Robert Crawford

Personal information
- Full name: Robert Stuart Crawford
- Date of birth: 4 July 1886
- Place of birth: Blythswood, Renfrewshire, Scotland
- Date of death: c. 1950 (aged 63–64)
- Height: 5 ft 8+1⁄2 in (1.74 m)
- Position(s): Defender

Youth career
- 1902–1905: Barrhead BC

Senior career*
- Years: Team / Apps / (Gls)
- 1904–1909: Arthurlie / 68 / (2)
- 1909–1915: Liverpool / 108 / (1)

= Robert Crawford (footballer) =

Scottish footballer

Robert Crawford (4 July 1886 – ca. 1950) was a footballer who played for Liverpool during the early part of the 20th century.

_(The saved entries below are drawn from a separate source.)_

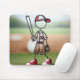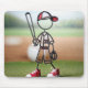 Um personagem de boné vestido como um jogador de beisebol está na grama verde de um campo de beisebol segurando um taco e uma luva
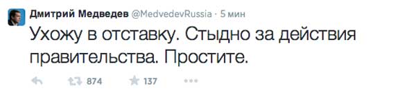 Микроблог премьер-министра России Дмитрия Медведева был взломан в четверг на несколько минут. Неизвестные разместили в нем сообщение: «Ухожу в отставку. Стыдно за действия правительства. Простите». Потом уже на лентах СМИ появились сообщения о том, что это писал не Медведев.
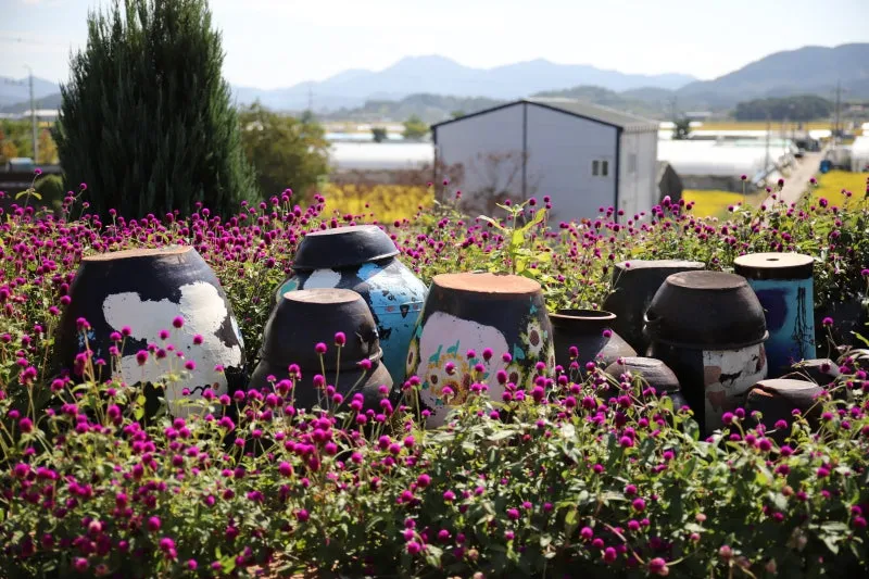 천일홍 사이에 있는 장독대는 그림이 그려져 있어서 예쁜 포토존이 된답니다.

==Life and playing career==
Born in Blythswood, Scotland, Crawford began his career at Arthurlie in Scottish Division Two before being signed by Liverpool manager Tom Watson in January 1909. He made his debut in a Football League First Division game at Anfield on the 13 February 1909, a game that saw the Reds beat Leicester Fosse 4–1. He scored his one and only goal for the club on the 4 October 1913 in the heavy 4–1 defeat at the hands of The Wednesday (Sheffield Wednesday) at Owlerton, the consolation goal coming from the penalty spot. Crawford, a full-back, played 31 times during the 1910–11 campaign, the most he played for the club in any one season. He spent six years at Anfield putting together 114 appearances.

Crawford left Liverpool in 1915 due to the outbreak of the First World War, during which he served in the Royal Engineers. His career did not resume after the end of the war.